集群的计算与疾病防御

最新推荐文章于 2022-12-20 14:00:21 发布

栉风沐雨1314

最新推荐文章于 2022-12-20 14:00:21 发布

阅读量867

点赞数

分类专栏： python 文章标签： python cluster 分组集群迭代

本文链接：https://blog.csdn.net/gt11799/article/details/40212019

版权

python 专栏收录该内容

35 篇文章 0 订阅

订阅专栏

这是一篇早就该写的文章，一直拖到了现在。

拿出一张国家地图，每出现一个患者，就在地图上按一个图钉，可以得到一个散点图。你可以想象成一个一个小洞戳满了地图，要分析的时候，医生建议把这些患者跟最近的患者结合到一起，分成52组，怎么解决这个问题呢？

这就是集群的计算，其实也是一个迭代的过程，首先是离得最近的两点结合到一起，把这两个点看成一个点，中心是二者位置的中心。然后继续计算，知道集群的数量符合要求为止。一听就知道计算量巨大，自然要绞尽脑汁的divide-merge了。在那之前，我们要整理出我们要面对的难题：

1.当3个点的集群和10个点的集群合并的时候，中心不是二者的中心的平均值，而应该是根据集群的大小给予一定的权重。

2.这些点如何跟地图结合在一起？是不是对象本身要自带这些信息？

于是老师说，来来来，我们来建个类吧，作为处理这个问题的数据类型。于是老师为我们建立了一个Cluster类，其中不仅具备了多种性质，更是有了很多方便计算的method。

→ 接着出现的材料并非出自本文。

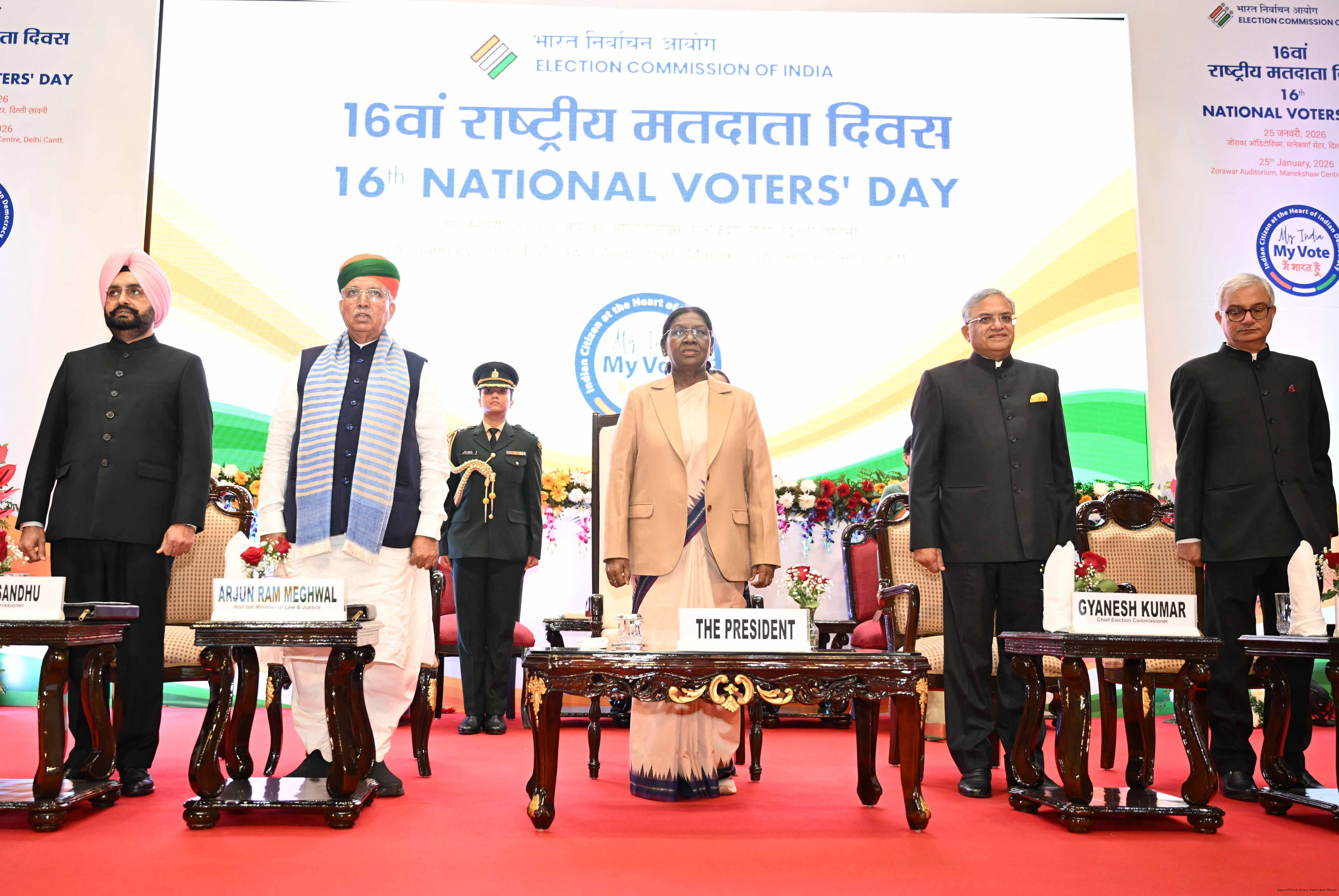 | Caption: | The President of India, Smt Droupadi Murmu, graced and addressed the 16th National Voters’ Day Celebrations in New Delhi on January 25, 2026. |

老师建立的类如下：（具体参见源代码）

class Cluster:
    """
    Class for creating and merging clusters of counties
    """
    
    def __init__(self, fips_codes, horiz_pos, vert_pos, population, risk):
              
    def __repr__(self):
        
    def fips_codes(self):
    
    def horiz_center(self):
    
    def vert_center(self):
    
    def total_population(self):
    
    def averaged_risk(self):  
        
    def copy(self):

    def distance(self, other_cluster):
        
    def merge_clusters(self, other_cluster):
   
    def cluster_error(self, data_table):

fips_codes是一个set，里面包含着集群里所有地区的地区编码（应该跟我们的邮政编码挺像的）。然后是两个坐标，人口，以及患病风险。值得一提的是，这个格式是根据美国疾病预防网站上的数据格式而制定的。这门课上我们主要使用的癌症风险数据。

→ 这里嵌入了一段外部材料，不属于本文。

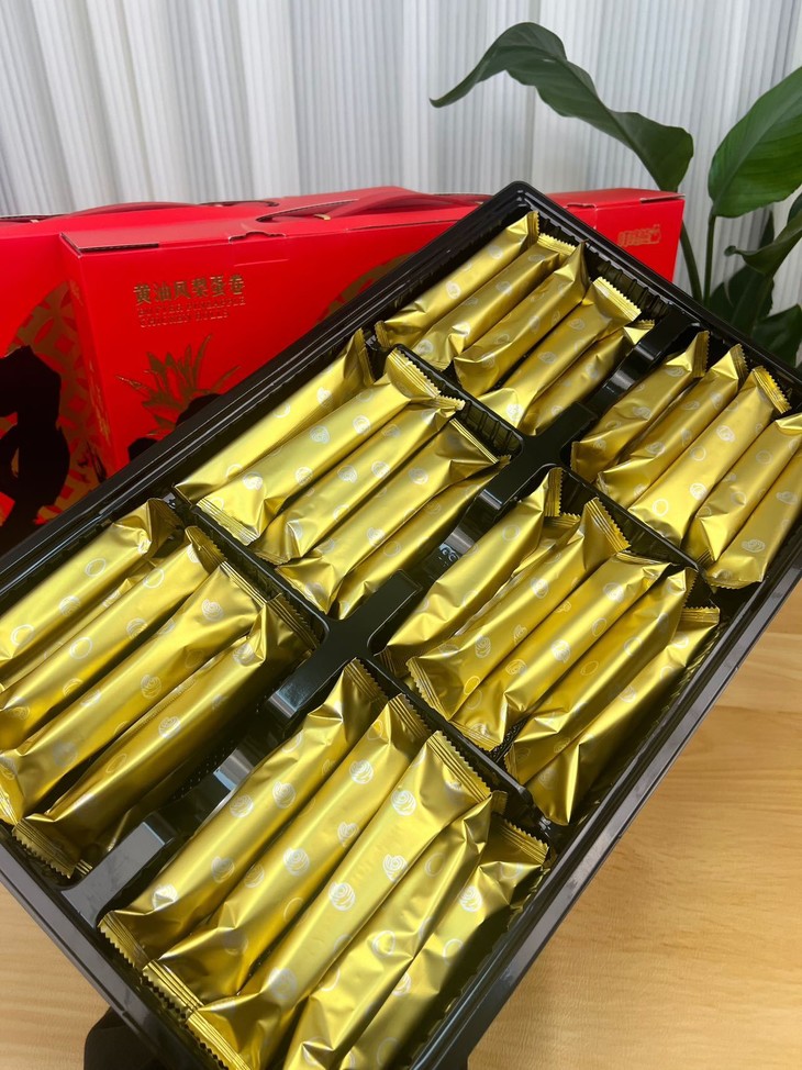 金黄色的内膜,打开礼盒,似一条条黄金 寓意好上加好

这些method也是极其有用的，避免了反复造轮子。method基本一目了然，merge_clusters就是两个集合的融合，cluster_error则是计算融合后的误差。

我们以下的计算都是基于这种数据格式的。

首先就是计算两个cluster的距离：

def pair_distance(cluster_list, idx1, idx2):
    return (cluster_list[idx1].distance(cluster_list[idx2]), min(idx1, idx2), max(idx1, idx2))

因为会反复用到，因此建立这样一个辅助函数。

在我的源代码中，有两种方法计算两个距离最近的点，一种就是普通的迭代，一个一个去计算，这种方法就不提了。另外一种就是divide-merge了。

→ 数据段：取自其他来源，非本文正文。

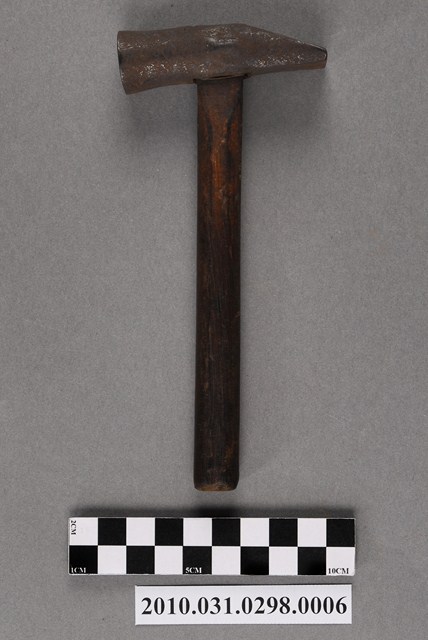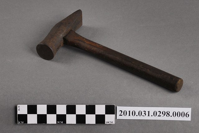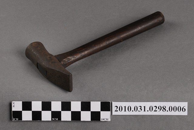 1.本物件為一把鐵鎚,鐵製槌頭一端呈尖頭一端呈平頭,安裝在圓棒形木製握柄上。鐵鎚可用來敲打鐵釘固定屐耳(鞋帶)於鞋面上。

我们可以在脑海中构思这样一幅画面，一群点扔在坐标轴第一象限，我们把有点的区域拿出来，从中间切开，分成两个区域；然后再继续切，直到每个区域只剩下不超过三个点为止，然后返回最小距离，再向上合并，每次也都是这么计算，返回最小的距离。

但是有个很明显的问题，如果最小距离的两个点恰好位于两个区域的界限的两侧怎么办？

于是我们在每次合并的时候，取得最小距离为d，然后把界线两侧各划出为d的区域来，把这些点按照y轴的大小排序，距离比d还小的两个点不会超出4个索引。（至于为什么我还没有想清楚。）

就这样，我们可以一层一层合并上来，最后就可以得到最小距离的两个点了。

一开始我也是这么实现的，代码的复杂程度并不高，但是却有致命的问题：需要在迭代内排序。排序是个复杂度极高的运算，因此算法速度的提升并不明显。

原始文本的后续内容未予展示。